Bill Clinton as a GOP model
Bill Clinton as a GOP model

For those who followed politics closely in the 1990s, you'll recall that Republicans hated Bill Clinton with the heat of a thousand suns. GOP officials and activists woke up every day with one question on their minds: "How can I destroy the Clinton presidency today?"

It was rather remarkable, then, to see Mitt Romney in Michigan yesterday, suggesting the former Democratic president is a great model. "President Clinton, remember, he said the era of big government was over. President Obama brought it back with a vengeance," Romney said, before praising Clinton on welfare reform.

A Romney aide said the move is intended to "devised as a trick to drive a wedge between centrist and liberal Democrats." This might be more effective if it was less ridiculous.

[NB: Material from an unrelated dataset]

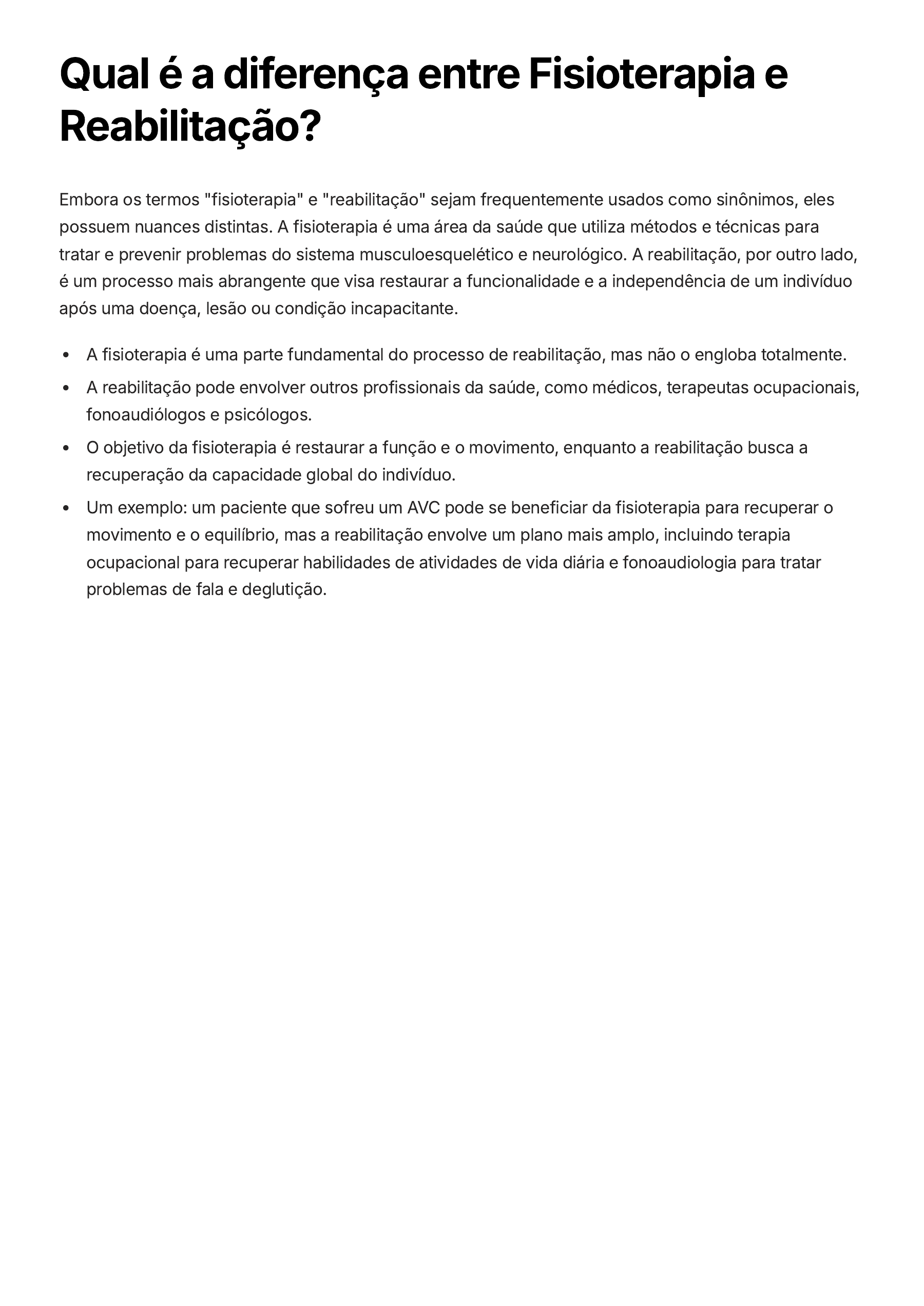 Qual é a diferença entre Fisioterapia e Reabilitação? Embora os termos "fisioterapia" e "reabilitação" sejam frequentemente usados como sinônimos, eles possuem nuances distintas. A fisioterapia é uma área da saúde que utiliza métodos e técnicas para tratar e prevenir problemas do sistema musculoesquelético e neurológico. A reabilitação, por outro lado, é um processo mais abrangente que visa restaurar a funcionalidade e a independência de um indivíduo após uma doença, lesão ou condição incapacitante. A fisioterapia é uma parte fundamental do processo de reabilitação, mas não o engloba totalmente. A reabilitação pode envolver outros profissionais da saúde, como médicos, terapeutas ocupacionais, fonoaudiólogos e psicólogos. O objetivo da fisioterapia é restaurar a função e o movimento, enquanto a reabilitação busca a recuperação da capacidade global do indivíduo. Um exemplo: um paciente que sofreu um AVC pode se beneficiar da fisioterapia para recuperar o movimento e o equilíbrio, mas a reabilitação envolve um plano mais amplo, incluindo terapia ocupacional para recuperar habilidades de atividades de vida diária e fonoaudiologia para tratar problemas de fala e deglutição. Quando devo procurar um fisioterapeuta após um trauma? É essencial procurar um fisioterapeuta o mais rápido possível após um trauma, mesmo que você não esteja sentindo muita dor ou desconforto. Um profissional de fisioterapia pode avaliar sua condição, identificar possíveis problemas e iniciar o tratamento adequado. A fisioterapia precoce pode ajudar a prevenir complicações, melhorar a recuperação e reduzir o tempo de reabilitação. Se você sofreu uma lesão, mesmo que seja leve. Se você está sentindo dor, inchaço, rigidez ou limitação de movimento. Se você tem dificuldade para realizar atividades diárias. Se você está preocupado com a recuperação da sua lesão. Um fisioterapeuta pode ajudá-lo a: Reduzir a dor e o inchaço. Melhorar a amplitude de movimento. Fortalecer os músculos. Reaprender movimentos e habilidades. Prevenir complicações. Retornar às suas atividades diárias e esportivas. Não hesite em procurar um fisioterapeuta caso você tenha sofrido um trauma. A fisioterapia é fundamental para uma recuperação completa e para evitar sequelas a longo prazo.

As Ed Kilgore put it, "[E]ither [Romney] (or his speechwriter) hasn't the slightest clue what he's talking about, or he's lying."

It's particularly outrageous for Romney to claim that the Affordable Care and Patient Protection Act of 2010 was some sort of betrayal of the New Democrat legacy. "New Democrats" (for example, the Progressive Policy Institute, the preeminent New Democratic think-tank) relentlessly agitated for something very like the ACA going back to the early 1990s. Indeed, they differed from the defining New Democrat, Bill Clinton, only in preferring the "managed competition" model to the somewhat more rigid approach embraced by the Clinton administration itself.During the 2008 presidential primaries, the only significant differences between the health care proposals of Barack Obama and of Hillary Clinton (notice the last name again!) was that she insisted on the individual mandate that Mitt Romney had implemented in Massachusetts and that Mitt Romney's party now denounces as slavery.

Making matters worse, Romney said Obama, unlike Clinton, is turning his back on New Democratic principles by calling for a return to a top marginal tax rate of nearly 40%. Remind me: who pushed the top rate to that level in the first place? Oh, right, now I remember: that was Clinton.

As for the notion that Obama has brought back the era of "big government ... with a vengeance," this is just idiotic -- as we discussed this morning, "For the first time in 40 years, the government sector of the American economy has shrunk during the first three years of a presidential administration."

In the meantime, Clinton is filming ads in support of Obama, Clinton's wife is Obama's Secretary of State, and the former Democratic president is condemning Romney's right-wing agenda publicly.

Romney must sincerely believe voters are fools.